Archive | December, 2006

Tags:

Cluster Primer

Posted on 31 December 2006 by Shawn

Hi all,

This is a post meant to give everyone an idea about how the cluster works how to access nodes if necissary and what kind of software makes the cluster a cluster. (as soon as we get it working)

The nodes are arranged in there own Class C network space the hosts file on each machine has the IP addresses of the other machines aliased so that users can access each of the individual nodes simply by typing its name.

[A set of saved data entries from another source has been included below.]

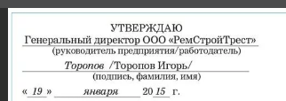 «Шапка» документа включает в себя табличку, где утверждается акт руководителем предприятия. Здесь вписывают название организации (в соответствии с основными документами), специализацию руководителя (директор или генеральный директор), фамилию, имя и отчество, а также дату утверждения. Подпись руководителя ставится, когда человек полностью заполнил документ.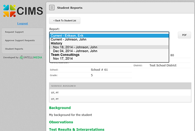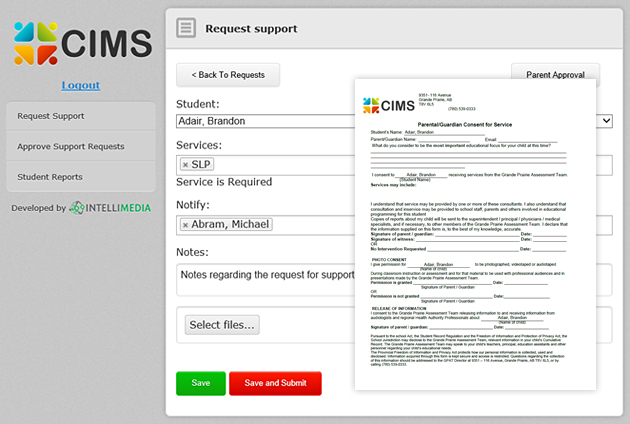 CIMS Integration between School Authorities Student Information System (SIS) and CIMS |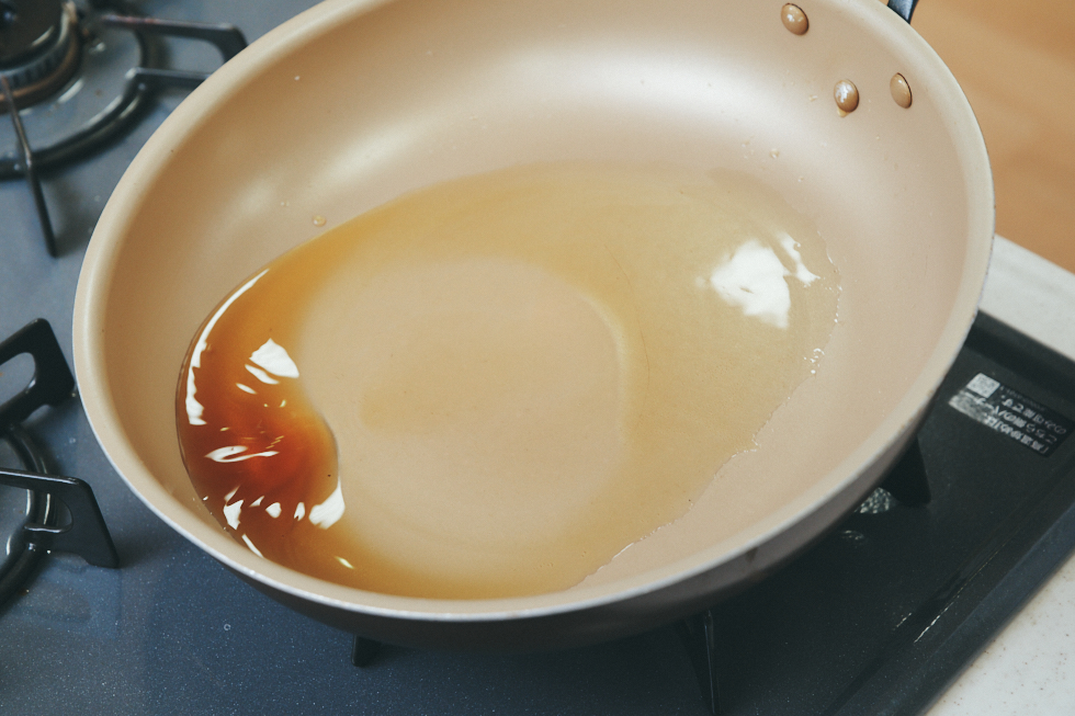 ごま油は、トロっとした状態からサラサラになるまで加熱したら、熱いうちにたらの皮、長ねぎ、しょうがにかかるように回しかけます(油はねには注意)。

The names are:

godzilla #for the head node
godzilla1 #node 1
godzilla2 #node 2
godzilla2 #node 3

all of the cluster nodes have the same root account and user’s home directories will be mounted via nfs.

By aws4y

Comments (0)

Tags:

Clusterf*@k

Posted on 19 December 2006 by Shawn

So the nodes of the cluster are all running, thats the good news, they all have the serv_p4 mpi servers running, that two would be good news, one problem…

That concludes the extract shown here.